Patrick Kenny: Okay, that’s great. I appreciate your comments. Thank you.
Francois Poirier: Thanks, Pat.
Operator: The next question comes from Olivia Halferty of Goldman Sachs. Please go ahead.
Olivia Halferty: Hi, good morning. Thank you for taking our questions. Wondering if we could just start on Bruce. Availability continues to be strong, though I acknowledge the maintenance heavy fourth quarter. Is there any planned maintenance you can point us to for 2024? And more broadly, following the successful and accelerated MCR on Unit 6, are there any lessons learned that you can apply to future MCRs, and how much conservatism would you say is baked into the MCR timelines?
Annesley Wallace: Hi, Olivia, it’s Annesley. I’ll take that question. So we definitely did see strong performance from Bruce Power last year across both the operating units as well as with the performance of Unit 6 MCR program. Heading into 2024, we can expect availability to be similar to what we’ve seen in 2023. So we expect continued strong performance. There will be regular planned outages, as we also saw in 2023. But that is factored into that guidance. From a MCR perspective, we certainly have taken many lessons learned from the Unit 6 MCR project and have applied them to the planning and the execution of the future units. So we’re currently in execution on Unit 3 and we’re seeing some of the benefits of those lessons learned already.
On Unit 4, it will be a similar story. Beyond just the lessons at Bruce Power, we have also certainly engaged with industry and have continued to apply lessons learned from outside of Bruce Power as well. Maybe the last thing I would highlight with respect to Bruce Power performance for 2024, we do expect our annual price increase to come in April, and so we’ll share more at that point in time.
Olivia Halferty: Okay, thank you for all the color there. And then I guess just more broadly on the 2024 EBITDA guidance, what is the largest driver of potential variability? And maybe you could sensitize what could drive performance to the high end versus the low end of the target growth range.

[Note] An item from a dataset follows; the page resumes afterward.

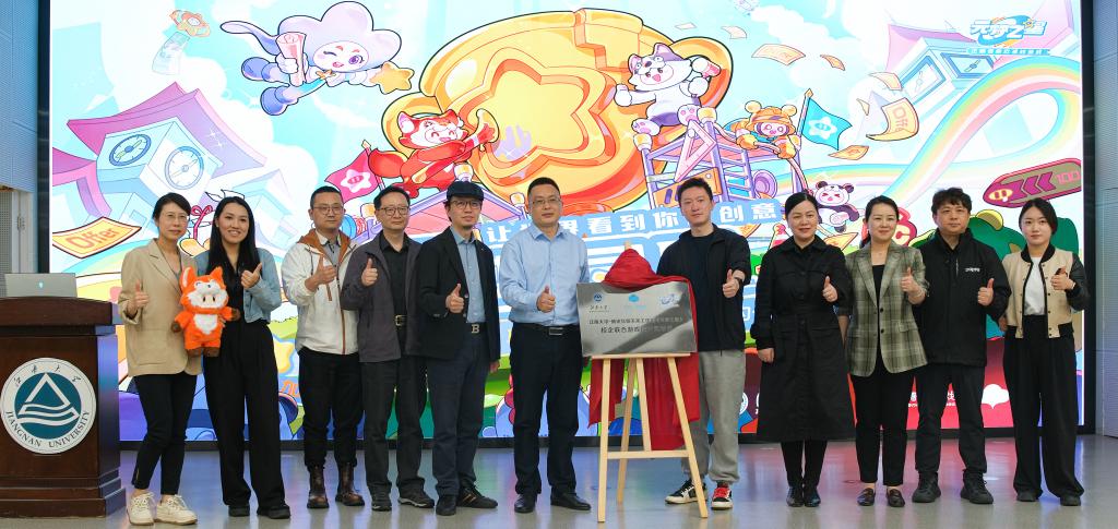 设计学院党委书记王维青和腾讯天美互娱负责人共同揭牌
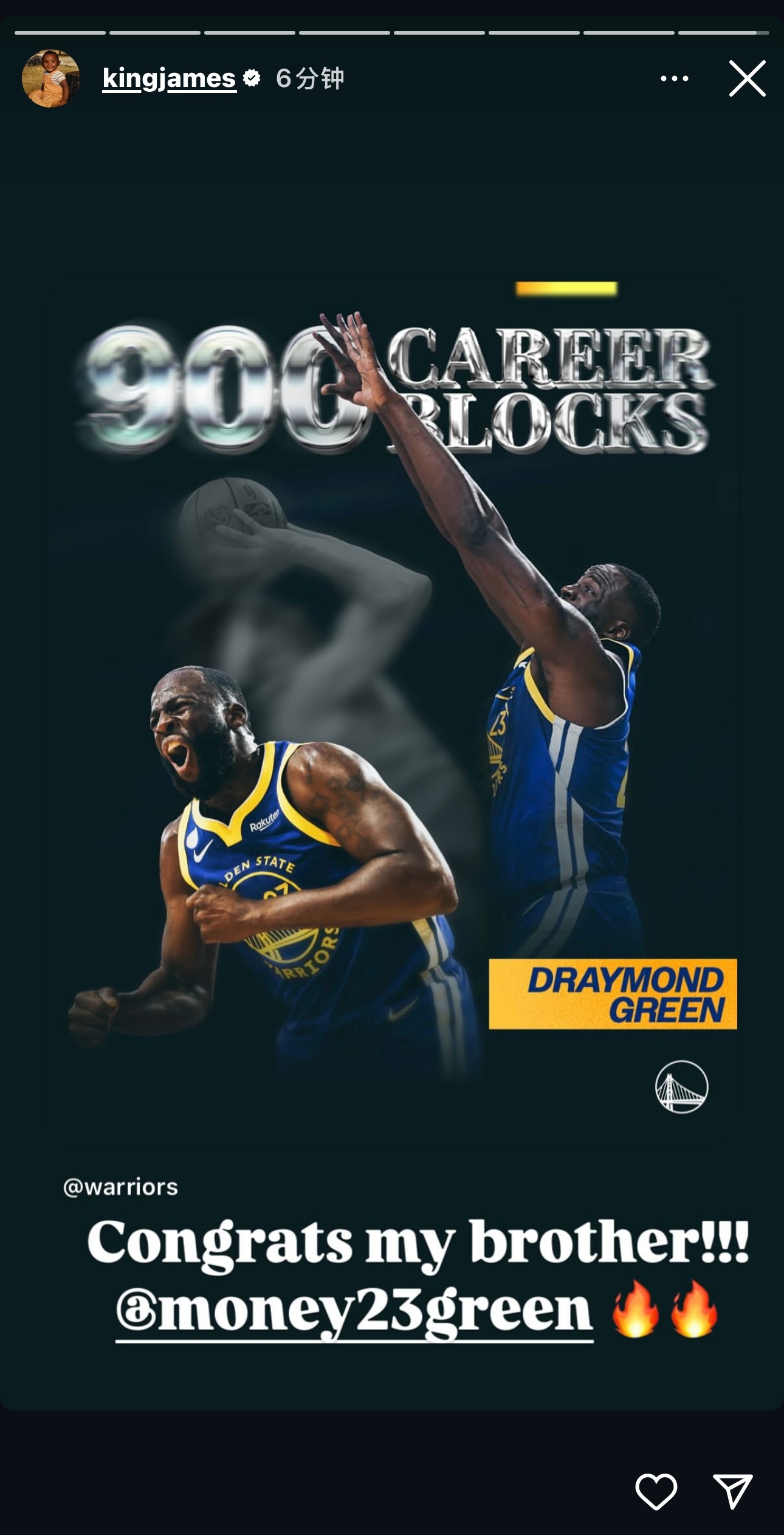 詹姆斯更新动态祝贺追梦格林生涯盖帽总数达到900次

Francois Poirier: Thanks for that question, Olivia. We don’t take a meaningful amount of commodity price or volumetric risk. So essentially, the drivers of performance for us are operational excellence through strong availability of our assets and bringing in our projects on time and on budget. So if we perform according to plan, we will fall within that range. And to the extent we find more efficiencies or increased availability in operations, you could see us move to the upper end, or as you saw in 2023, above the upper end of the range of our guidance and then the other factor of course is on delivering on our projects on time.
Olivia Halferty: Got it. Appreciate the color there. Thanks.
Francois Poirier: Thank you.
Operator: Ladies and gentlemen, this concludes the question-and-answer session. If there are any further questions, please contact Investor Relations at TC Energy. I will now turn the call over to Gavin Wylie. Please go ahead, Mr. Wylie.
Gavin Wylie: Yeah, thank you, and thanks everyone for participating this morning. As noted, if you have any additional questions or we weren’t able to get through the entirety of the questions late today, please contact the Investor Relations team. We’re always happy to help. We very much appreciate your interest here in TC Energy and look forward to our next update. So thank you, and have a great day.
Operator: This brings to a close today’s conference call. You may disconnect your lines. Thank you for participating, and have a pleasant day.